The problem is that the TS sessions have a tendency to drop at will and then take too long to reconnect for the impatient users. Which then snowballs into multiple TS sessions when the network reestablishes itself because the users are frantically clicking and rebooting. No errors are reported in any Event Viewers or the logs in the Wireless Manager. One or two days a week they have several dropouts, and other days is 100% uptime. And it does not seem to correlate with the weather.

My questions are:
-What is a GOOD signal strength that I should expect to see?
-Is there a relationship between RSSI percentages and data rate (1Mbps - 11Mbps)?
-How can I measure the current data rate?
-Is there a tool (inexpensive software) to monitor and record the data flow across the wireless link?
-What might be causing the dropouts?
-Would lowering the security to 40-bit or none help?
-Would we be better off using a different TS client instead of RDP (i.e. Terminal Services Client, Client Connection Manager)?
-What else am I missing that would be worth knowing or analyzing?

I have tried to ensure good power (UPS on all units) and good solid connections at all possible points of power, network and antenna connectors.

Steve
4 REPLIES 4
Jerome Henry
Honored Contributor

Re: 3Com Building-to-Building Bridge

Hi Steve,

I'm not sure I can answer all your questions, but here are a few tips :

- There is no usual GOOD signal strength, but the more regular the signal is, the better will the communication become.
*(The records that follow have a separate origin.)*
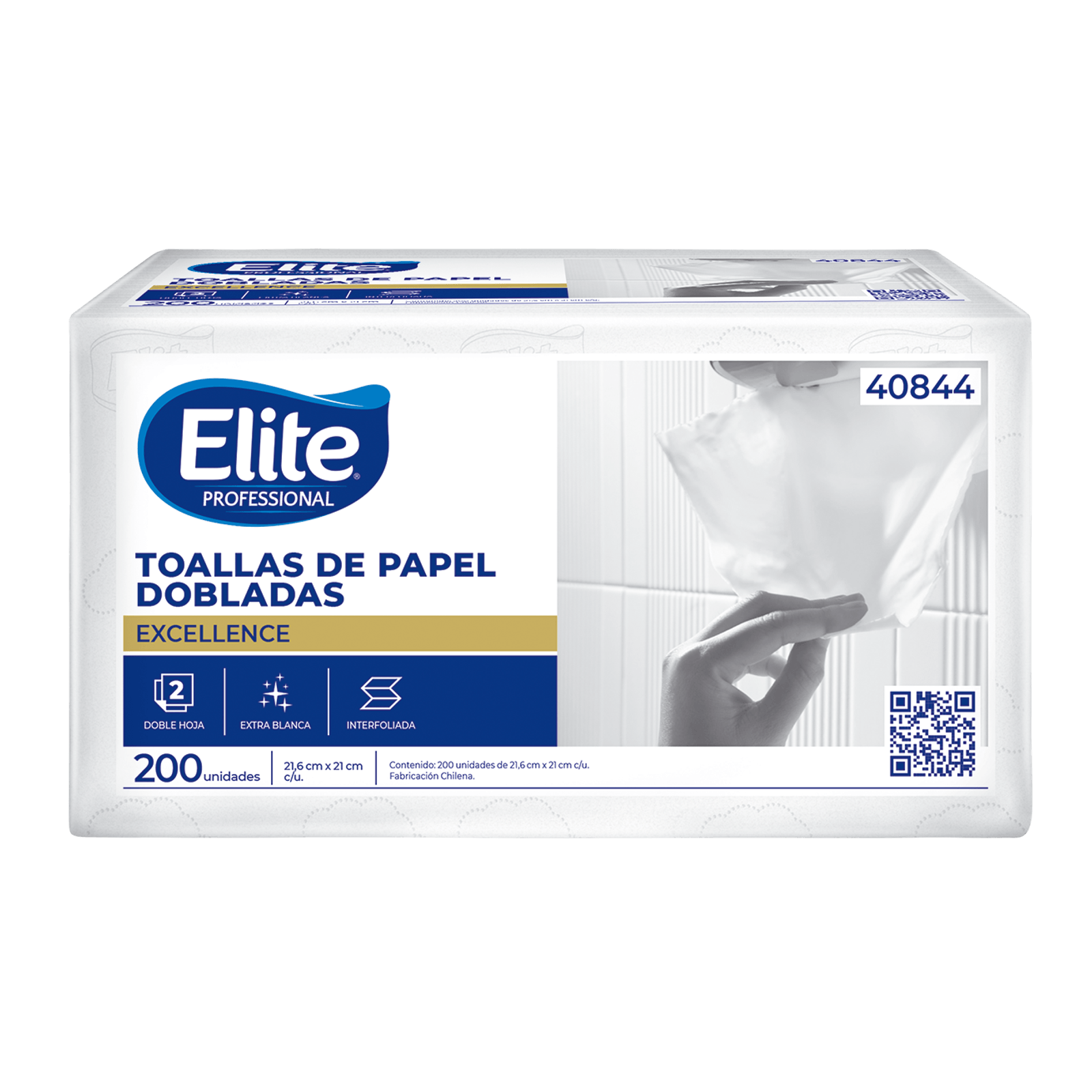 Toalla Interfoliada Elite Professional D/H 200 Hojas 21.6cm x 21cm. Ideal para secado eficiente, con hojas resistentes y absorbentes para mayor higiene.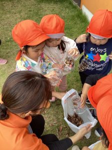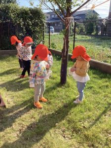 子どもたちは園庭の落ち葉を宝物の様に拾い集めることが大好きです。上を眺めていたら偶然にも葉っぱが「ひらひら~」となったら「葉っぱが落ちてきた~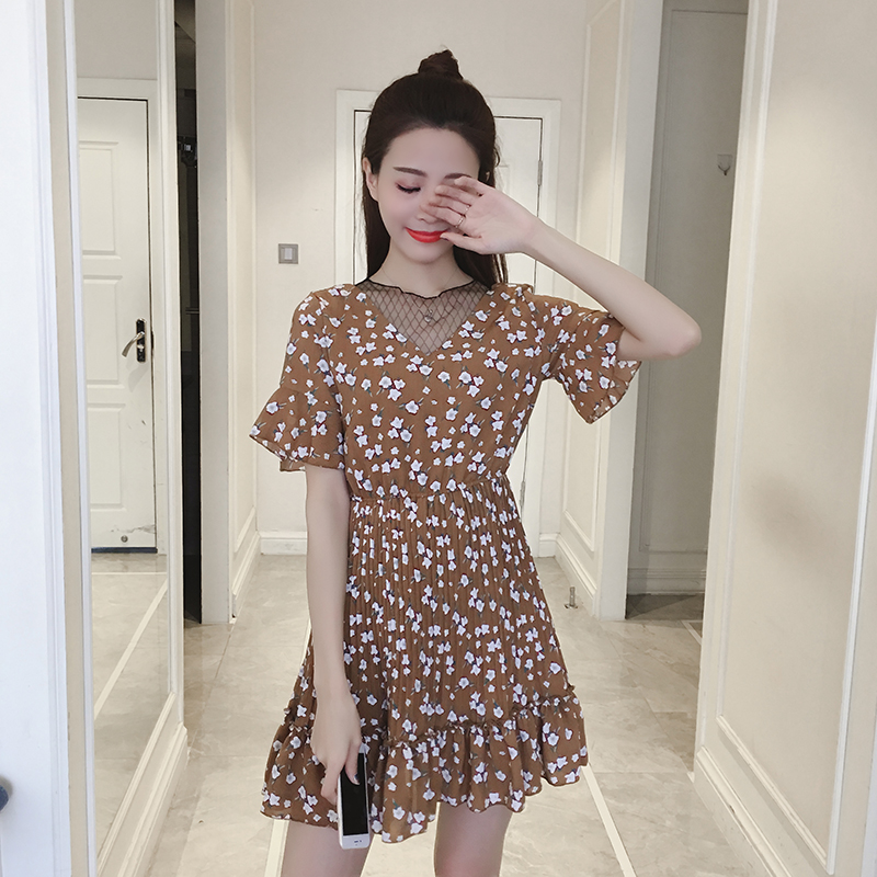 新款女裝網紗拼接V領百褶裙子女夏季收腰碎花短袖連衣裙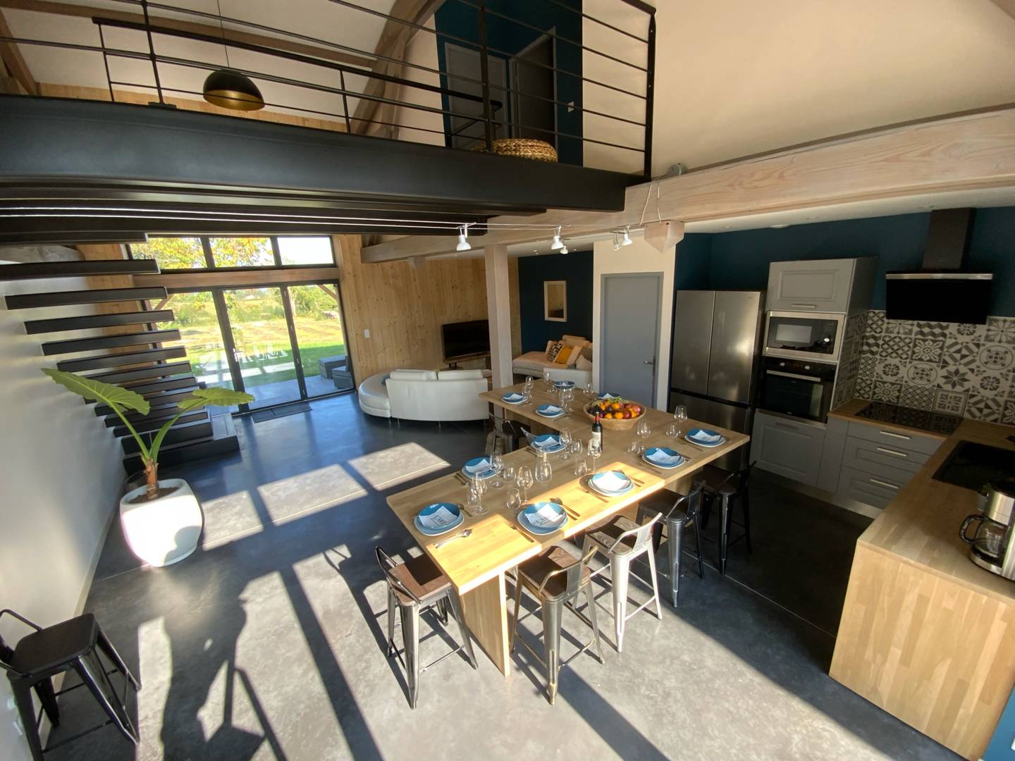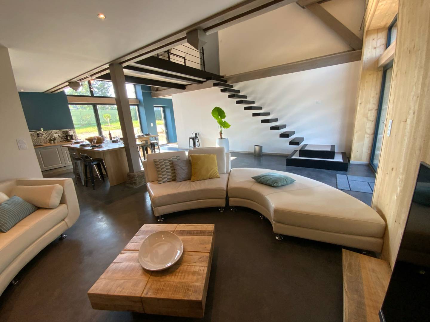 Vous profiterez des extérieurs pour vous détendre avant d’entrer dans un style plus industriel marqué par sa pièce maîtresse : l’escalier.
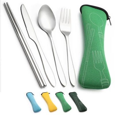 Elevate Your On-the-go Dining Experience with This Travel Cutlery Set! Enclosed in an 8 Inch x 2 1 & 2 Inch x 1 1 & 4 Inch Neoprene Zip Pouch, This Set Includes a Spoon, Fork, Knife, & Chopsticks Set, All Made From Dishwasher-safe Stainless Steel Metal. Crafted with 304 Astm Standard Food-grade Stainless Steel Metal, This Cutlery Set Boasts Thickness for Enhanced Durability. Weighing Only 93g (3.82 Oz), Its Lightweight & Convenient for Travel. the Washable Neoprene Zipper Pouch Ensures Easy Portability. Personalize It with Your Company Name or Logo for a Touch of Sophistication on the Go!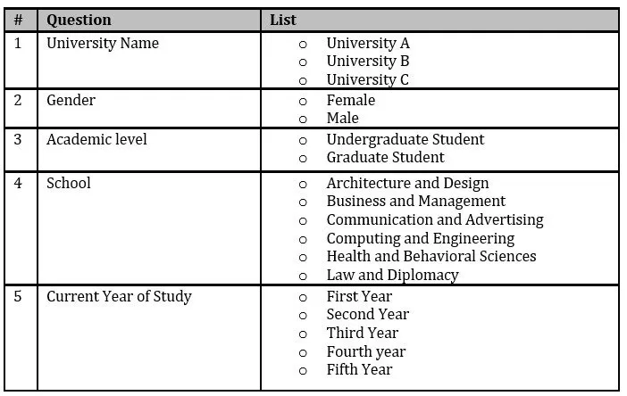 To ensure the questionnaire’s validity and reliability, the researchers adapted all the questionnaire questions from previous peer-reviewed studies by Amin (2021), Jie and Chaipinchana (2022), and Paul and Pradhan (2019) which addressed the same topic in other countries. This was done with minor adjustments to some questions to match the study settings and environment.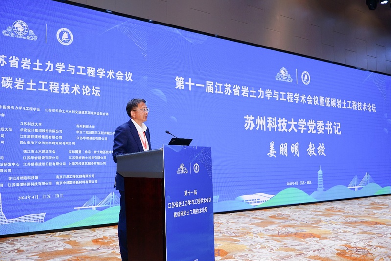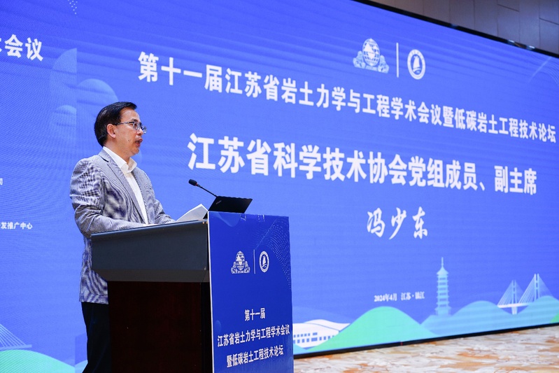 江苏省科学技术协会副主席冯少东在致辞中指出本次会议以“低碳岩土工程”为主题,积极响应国家“双碳战略”,针对低碳岩土工程的最新进展和其他关键技术问题开展广泛的学术交流。会议的成功举办必将为推动江苏省低碳岩土工程的科技创新和产业发展作出积极示范。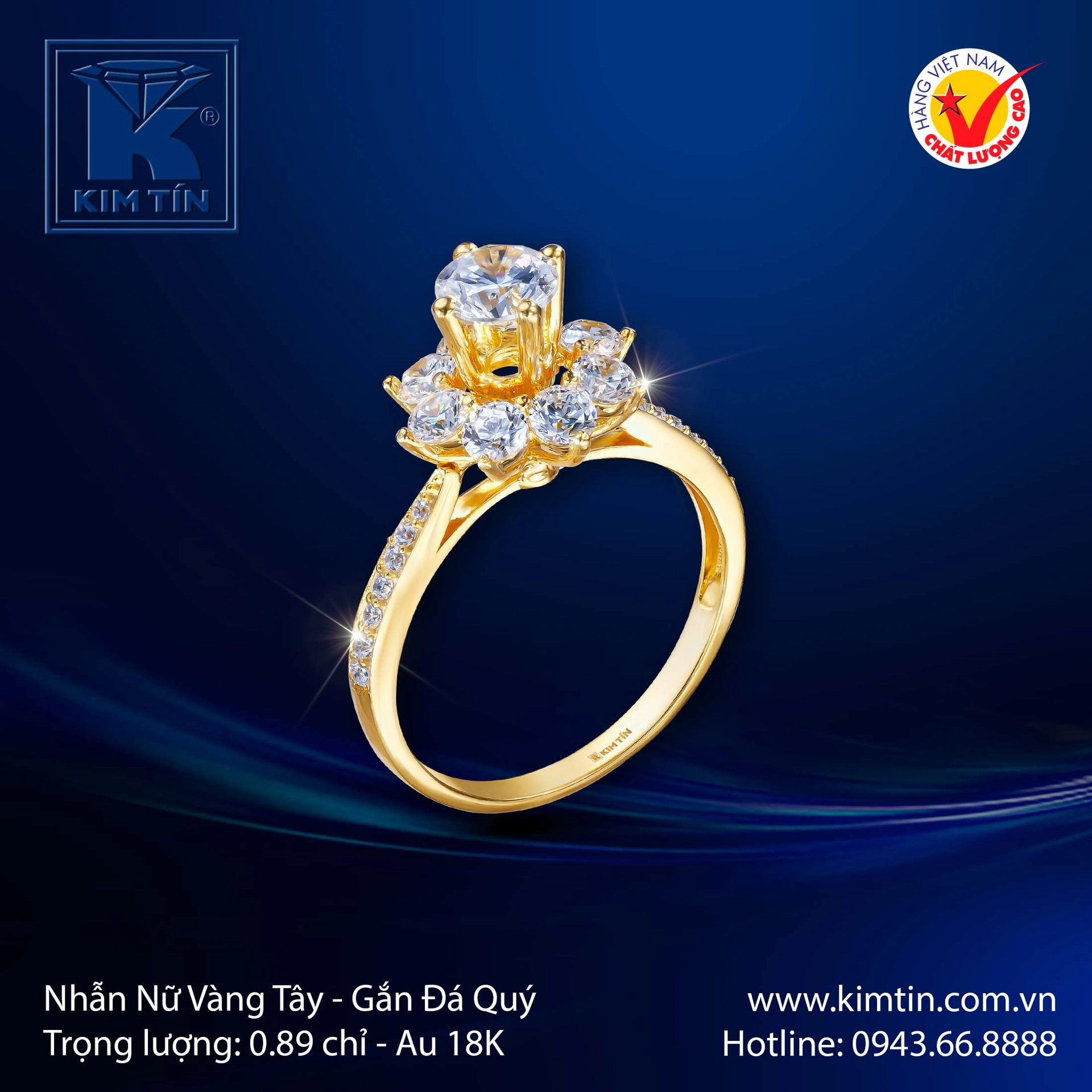 Nhẫn được chế tác từ Vàng Tây 18K (Au 750), nổi bật với sắc vàng kim ấm áp, sang trọng và độ bền lý tưởng. Với trọng lượng tham khảo 0.89 chỉ, chiếc nhẫn mang lại giá trị cao và vẻ ngoài quý phái.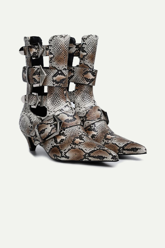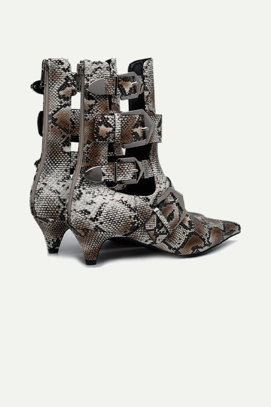 מגפוני עקב בגזרה מחודדת בהדפס נחש עדכני עם שלושה אבזמים בולטים בגוון מטאלי. העיצוב משלב נועזות עם אלגנטיות ומעניק לכל הופעה מראה מלא ביטחון וסטייל. עקב נמוך ונוח מאפשר ללבוש אותם מהבוקר עד הערב בלי לוותר על נוחות.
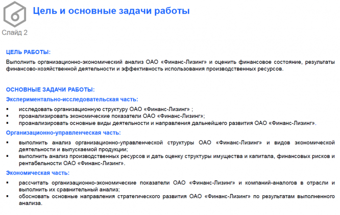 Курсовая работа: Организационно-экономический анализ ОАО "Финанс-Лизинг" (презентация)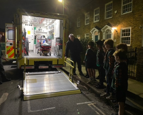 Cubs had a visit from the London Ambulance Service and go to see one of the new, custom made ambulances.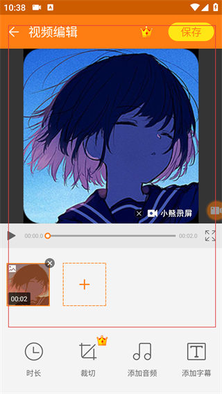 4、进入视频编辑页,使用【时长】【裁切】等工具编辑,完成后点击【保存】导出编辑结果。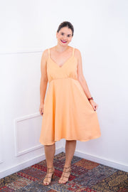 Vestido Midi Malu – Alça Ajustável em Viscose Marrant com Saia Evasê
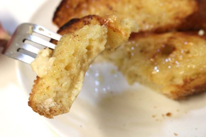 できあがりは、クラムの部分がプルプル! とくに余った卵液がプリンのようになっていて美味。フレンチトーストはフライパンで焼くと卵焼き風になってしまうので、これはグリラーならではの仕上がりと言えそうです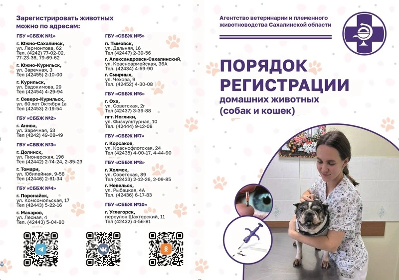 Регистрация — это постановка животного на учет в государственном ветеринарном учреждении, она необходима всем животным с двухмесячного возраста. В Сахалинской области процедура обязательна для всех пород кошек и собак без исключения. Для владельцев процедура бесплатная, стоимость компенсируют ветлечебницам из областного бюджета.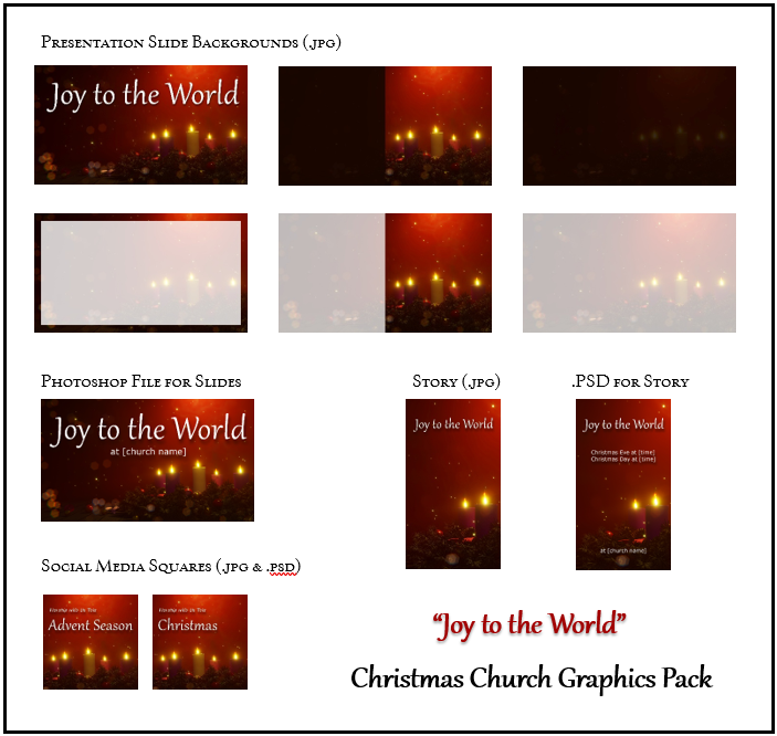 14 Files included in this FREE “Joy to the World” Christmas Church Graphics Pack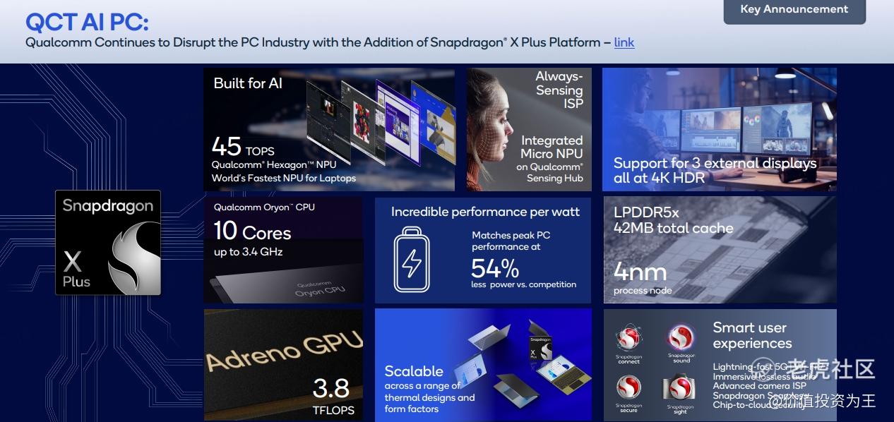 高通的手机芯片采用的就是arm架构,因此,AI PC时代来临之后,高通做arm架构的PC芯片,就是手到擒来。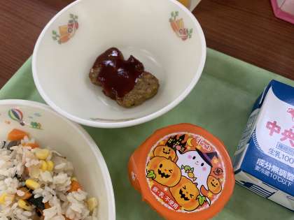 ハロウィンには魔除けとして、家の外にかぼちゃで作ったジャックオーランタンを飾ります。給食ではかぼちゃ型のハンバーグと、かぼちゃプリンで雰囲気を出してみました。楽しく食べてくれると嬉しいです。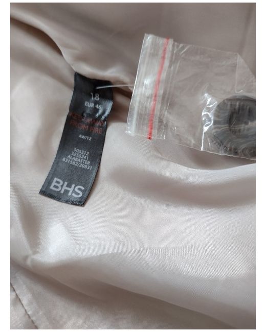 This is new, without tags although it still has the spare button attached. It is a size 18, in a soft camel colour. It has a detachable faux fur collar. It feels like a soft wool fabric but is a polyester mix. Length 37". Very well made, good quality.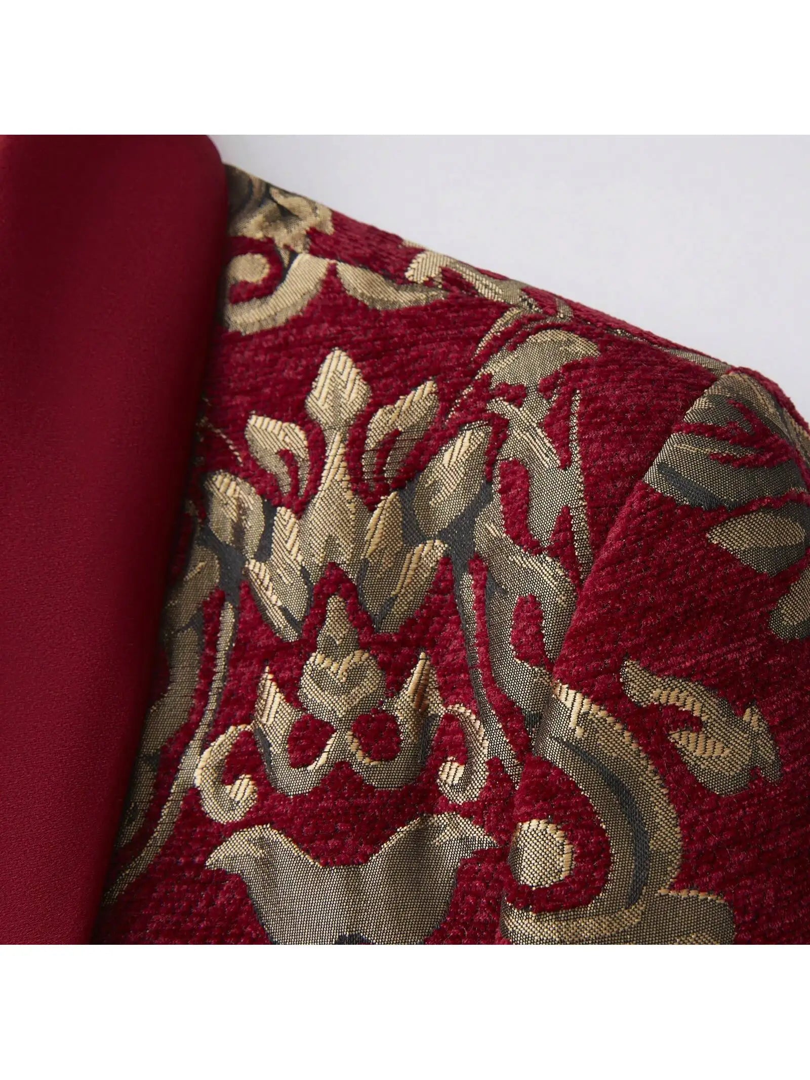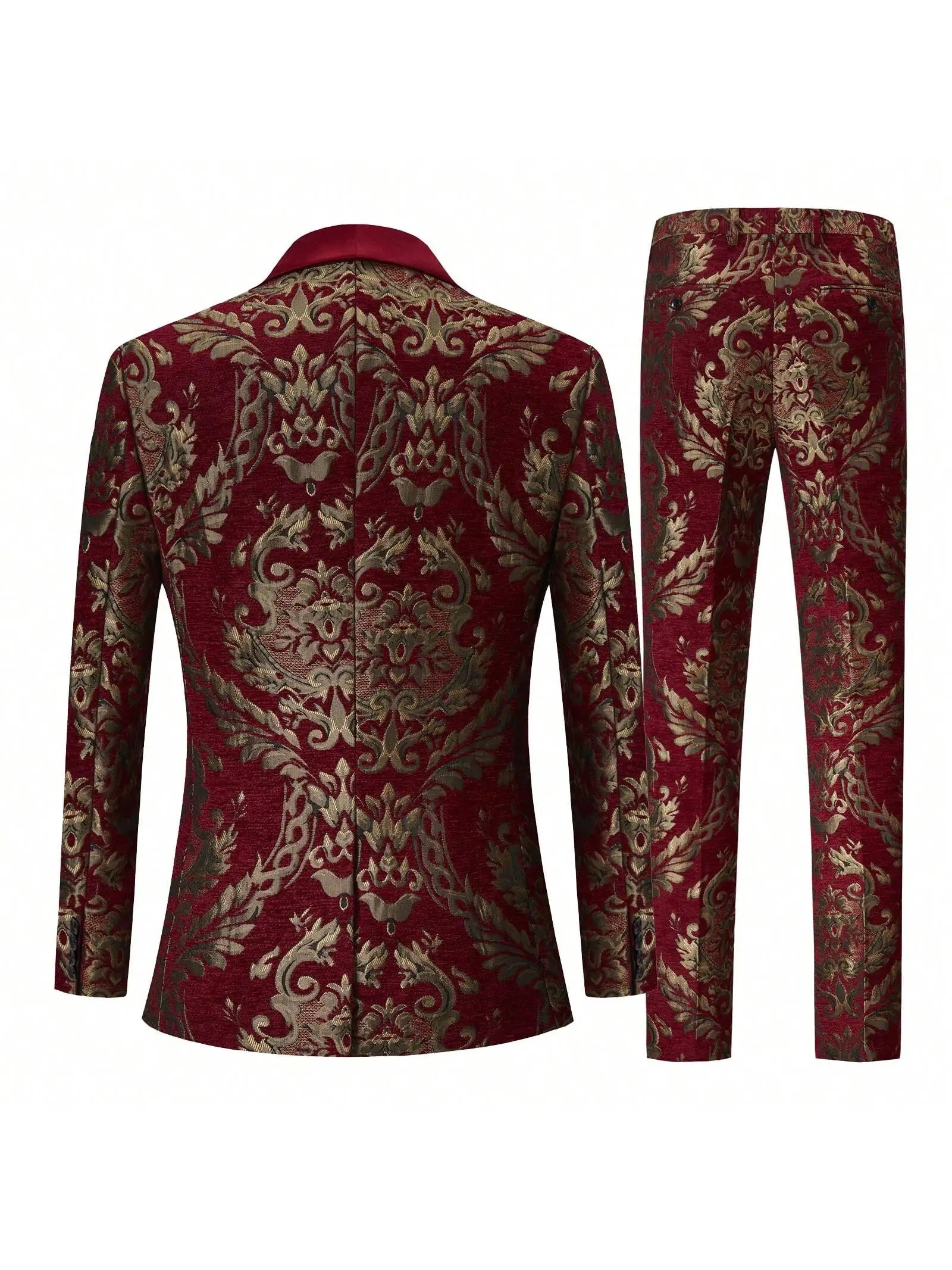 Mens Suit Jacquard Silm Fit 2-Piece Shawl Lapel Tuxedo Wedding Party Prom Suit Set

Because :
- Yes, there is a direct relation between RSSI and rate. To make you understand how it works, imagine that each packet is sent to all directions. One will go straight to the other antenna, but some others will rebound on walls, widows or whatever else, and finally come to to the other antenna, with a slght delay due to the different distance factor, but still being the same packet !
The job of your antenna is to detect when a packet is redundant, and be able to get one packet after another. To do that, the best is to receive a packet, source quench (block the emitting antenna saying hey, wait a bit), wait for all the perturbations due to all the rebounds to stop, then receive next packet (I'm simplifying this process, called windowing). To make it short, let's say the more eprturbation you have, the lower RSSI you'll get, and the more time your antenna will have to wait to be sure that 2 packets won't come at same time, and the slower will your signal be...
- SO to jump to your dropouts, they are undoubtedly due to the fact that your antenna signal is not stable (moving from 70 % to 58 % as you say), and some packets are losts. If those packets are requests for replies, then your system deduces that the connection has timed out, and closes it.
- There are many tools that will confirm that point, check at :
http://bengross.com/wireless.html
- Don't turn to 40 bits or none, it won't fix things (packets are lost with or without encryption), I see so many networks I can hack without any effort, don't leave your doors open.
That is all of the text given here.